You spent much of your career working on supply chain issues. Between the pandemic and the Suez Canal, it seems like the whole world has been thinking about the supply chain more than ever before. What has the last year taught us?

There was a time where you were like: “Oh, we can get some leverage. There’s labor cost differential and lower cost dynamics if we globalize.” But that can be disrupted. It’s very difficult right now to get products in from Asia, and to export. We’ve got a shortage of containers, and then there are philosophical, political and strategic issues in different countries. So I think that there’s going to be more reshoring.

The “just in time” supply chain means you have this tight value chain that makes sense when everything makes sense. And then when there’s a disruption, there’s not a lot of wiggle room to address that.

How did the early days of the pandemic play out for the company?

Initially our members — the farmers — were uncertain. Food service is shutting down, so you had 30 or 40 percent of milk supply — where does it go now? On the one hand, folks at retail were trying to buy two gallons of milk, and there were restrictions.

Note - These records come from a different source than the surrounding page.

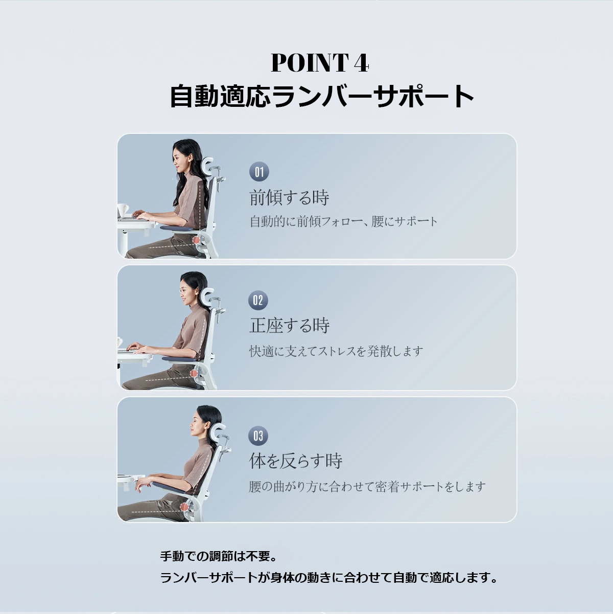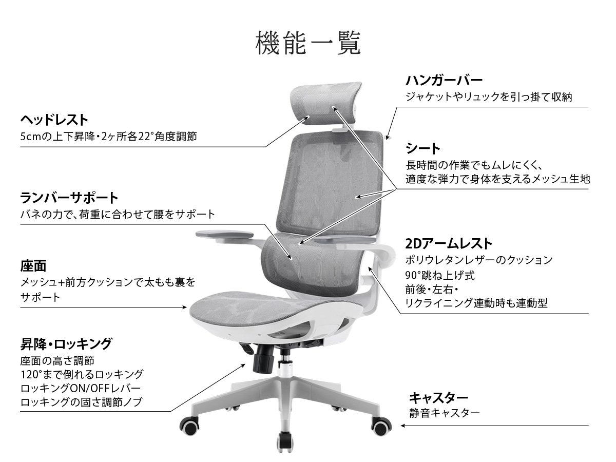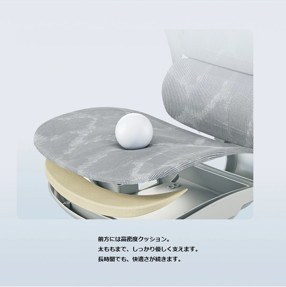 長時間使用できる:高い通気性と高弾力のメッシュシート。座面の前方に太もも裏をサポートするクッション付き。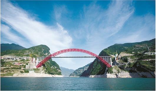 作为钢箱桁架推力拱桥,该桥跨度全球第一,净空高度亚洲第一。大桥在建设过程中,实现了四大技术创新:复杂地质条件下的边坡稳定与综合整治技术;大跨钢箱桁架拱的扣挂体系研究与施工技术;大型缆索吊机标准化研究与施工技术;大跨度钢箱桁架拱的安装与线形控制技术。
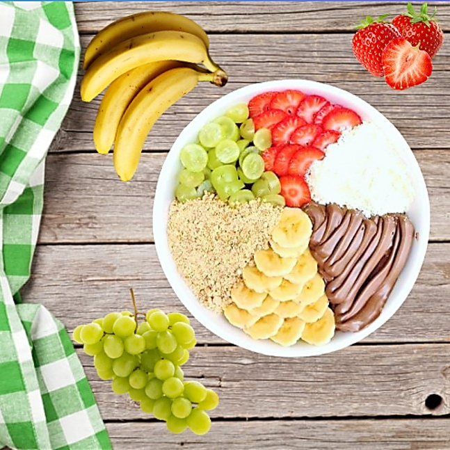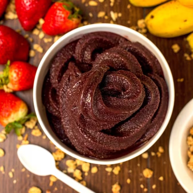 Açaí Com Banana, Granola, Leite Em Pó E Leite Condensado.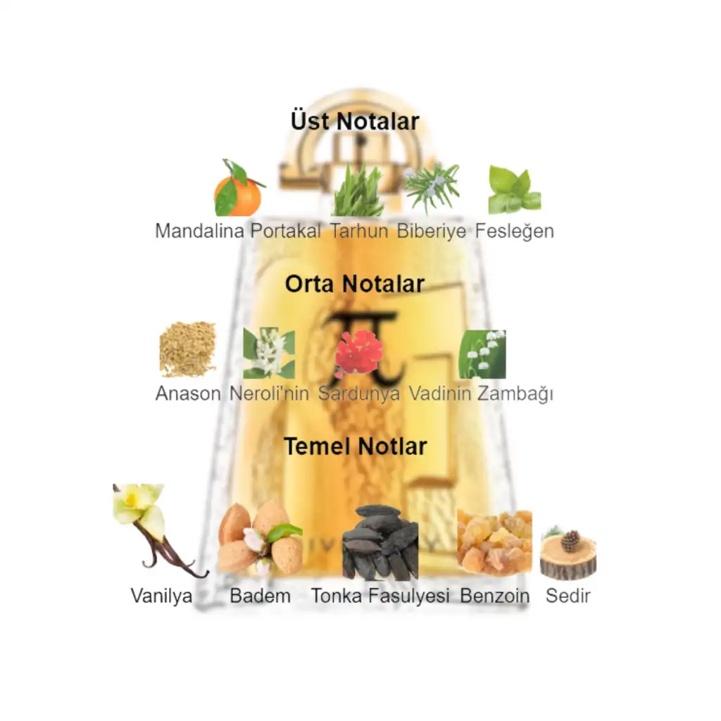 Pi by Givenchy, erkekler için Oryantal Odunsu bir koku. Pi 1998 yılında piyasaya sürüldü. Bu kokunun arkasındaki burun Alberto Morillas'tır. Üst notalar Mandalina, Tarhun, Biberiye ve Fesleğendir; orta notalar Anason, Neroli, Sardunya ve Vadi Zambağıdır; temel notalar Vanilya, Badem, Tonka Fasulyesi, Benzoin ve Sedirdir.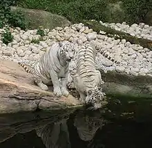 White tigers are those who are born with a certain genetic defect causing loss of pigment in their skin, eyes and fur. These tigers can be white with black, grey, very dark blue, or no stripes; they are not albino.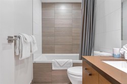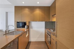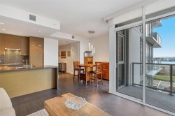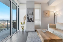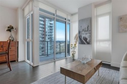 Supreme Residence for a Modern Lifestyle--This is the life at The Promontory! Discover the experiences of cozy condo living with the stunning views of Ocean, Mountain and City. This 1 Bed and 1 bath residence boosts a great size of living spaces for a single, couple or even a family to enjoy the lifestyle in one of the best condominium communities. Open concept Floor Plan offers a stylish Kitchen equipped with gas stove, integrated refrigerator, tiled backsplash and peninsula island w/waterfall countertop. Floor-to-Ceiling windows truly enhance the brightness of the space and enjoying the views on the covered wrap-around balcony is timeless. Unit comes with in-suite laundry, 1 parking&Storage locker. Building offers bike storage, owner's lounge with kitchen, fitness centre and concierge. Strata fee includes gas, heating, water and more. Mins to waterfront walkway, restaurants, Recreation and Westside Village Shopping Centre. Find your Perfect Fit at this Urban Retreat!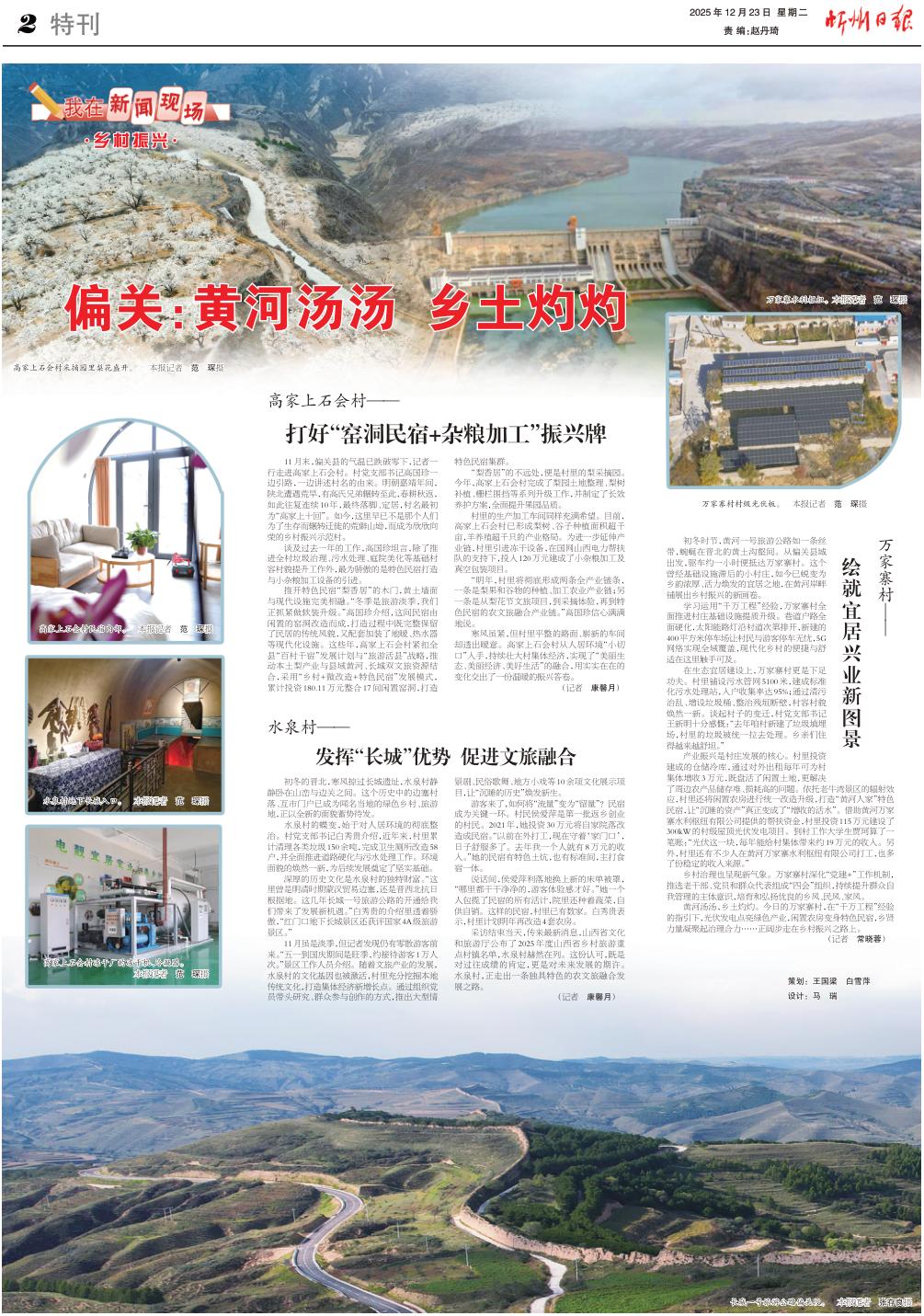 黃河湯湯,鄉(xiāng)土灼灼。今日的萬家寨村,在“千萬工程”經(jīng)驗的指引下,光伏發(fā)電點亮綠色產業(yè),閑置農房變身特色民宿,鄉(xiāng)賢力量凝聚起治理合力……正闊步走在鄉(xiāng)村振興之路上。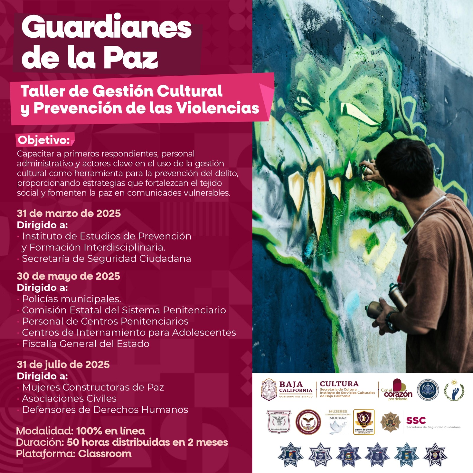 MEXICALI. – El Gobierno del Estado de Baja California a través de la Secretaría de Cultura oferta la primera edición del Taller en Gestión Cultural y Prevención de las Violencias “Guardianes de la Paz”, a personal administrativo y operativo del Instituto de Estudios de Prevención y Formación Interdisciplinaria (IEPFI) así como de la Secretaría de Seguridad Ciudadana (SSC).

On the other hand, they were dumping at the farm level, because that milk supply and the manufacturing processing capacity are meant for food service.

There was quite a bit of money that was put into the farm economy over the last two to three years because of trade disruption and then Covid disruption, so I think the farmers overall had an OK outcome. But it was very, very disruptive.

How does running a co-op, rather than a traditional public company, change the way you make decisions about strategy, resource allocation, and optimizing short-term and long-term goals?

The incentives can be different. We can definitively hold profit or hold benefit at the farm level to try to offset at the corporate level, so that we are trying to make sure that the farmer — the member, the shareholder — remains robust in this dynamic. And I may make decisions that definitively try to advantage the farmer, over taking that profit at the corporate level or the enterprise level and cooperative.

There’s an intimacy to this model. I know the families. I’m out on their farms. I’m with them constantly. I see the pressure. I see their stress at the same time. I see their communities that are challenged.